Ms Sovak confirmed that Astra was still considering such a course of action with Neptune, and would decide after analysing the Mystic data further.
Exploratory analyses of Mystic in subjects assessable for TMB (~783 of 1,118 total enrolled) | ||||||
---|---|---|---|---|---|---|
Population | N | Measure | Imfi+treme combo | Imfi monother | Chemo | Note |
TMB high* | ~313 | OS | 16.5mth | 11.0mth | 10.5mth | HR=0.64 for the combo |
TMB low** | ~470 | OS | 8.5mth | 12.2mth | 11.6mth | No effect on OS |
Note: *defined as ≥16mut/Mb; **<16mut/Mb. |
An obvious question about Mystic is why such a strong OS benefit should have been seen among TMB-high subjects.
One problem with TMB status is that it tends not to correlate with survival, and indeed Bristol’s latest analysis of Checkmate-227 revealed no OS difference between TMB-high and TMB-low groups. On this point, Ms Sovak stressed that Mystic represented the “most comprehensive TMB dataset that exists in NSCLC”, as defined by percentage of subjects with available blood TMB data from a single study.
Another paradox is that the numerical OS benefit in TMB-high subjects favours the combo, while in PD-L1-highs Imfinzi monotherapy did best. TMB status and PD-L1 expression tend to identify non-overlapping patient populations, however. An analysis of TMB-high patients who were PD-L1-negative has yet to be carried out.
And the sharp-eyed will have noticed that Astra used a different boundary for defining high TMB: 16 mutations per megabase, rather than the 10mut/Mb used by Bristol. This had been prespecified for the Guardant Health blood assay Astra used, said Ms Sovak; Bristol had used Foundation Medicine’s tissue-based test.
Still, if TMB is indeed a valid biomarker it is not clear why doctors would carry out such a test for patients who could right now receive Keytruda plus chemo with no need to test at all. And ≥1% PD-L1 expressers could soon have the option of chemo-free Keytruda monotherapy.
Dr Jack West, from the Swedish Cancer Institute, told Vantage that, while interest in TMB was building, the latest Mystic results were no better than Keynote plus chemo, adding that the data were not sufficiently superior "to warrant much interest in changing the treatment landscape in first-line advanced NSCLC".
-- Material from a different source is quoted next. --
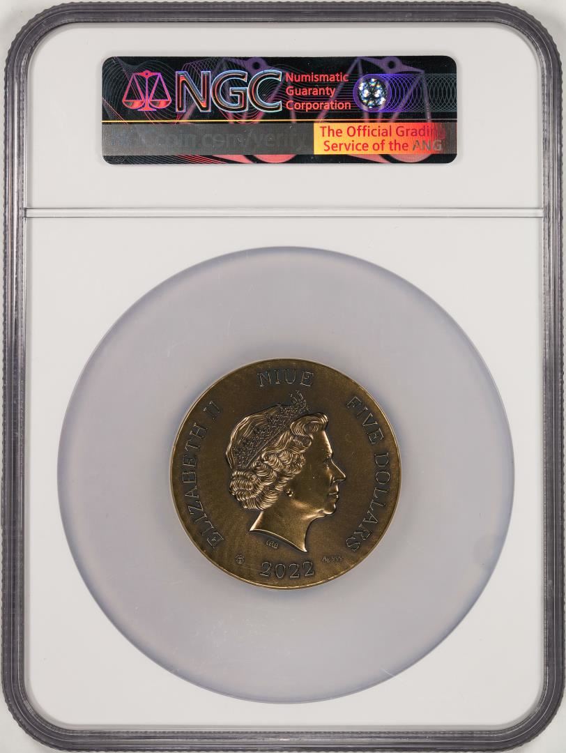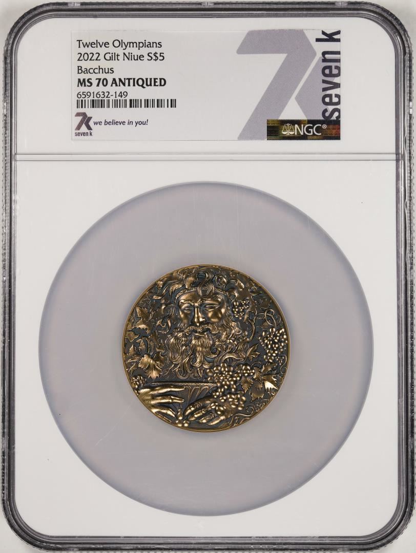 One 2022 Niue $5 Twelve Olympians Bacchus Silver Gilt Coin NGC MS70 Antiqued. NGC Certified.

Ms Sovak said getting a blood sample was much easier than doing a tissue biopsy, but accepted that the whole point of a biomarker was to identify patients who could derive “significant benefits above and beyond what currently exists. We have yet to see whether blood TMB can be that biomarker.”
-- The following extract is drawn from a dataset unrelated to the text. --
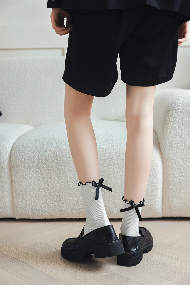 Japanese JK Sweet Bowknot Tied Middle Tube Socks Women Heel Bow Casual Black White Pile Socks Girls Sports Cotton Socks

Primary analysis of Mystic, in ≥25% PD-L1 subjects (488 of 1,118 total enrolled) | ||||
---|---|---|---|---|
Study arm | Primary endpoint | Result vs chemo | Statistics | Stat sig? |
Imfinzi + tremelimumab | PFS | 3.9mth vs 5.4mth | HR=1.05, p=0.705 | No |
Imfinzi + tremelimumab | OS | 11.9mth vs 12.9mth | HR=0.85, p=0.202 | No |
Imfinzi monotherapy | OS | 16.3mth vs 12.9mth | HR=0.76, p=0.036 | No |
This is an updated version of a previous story.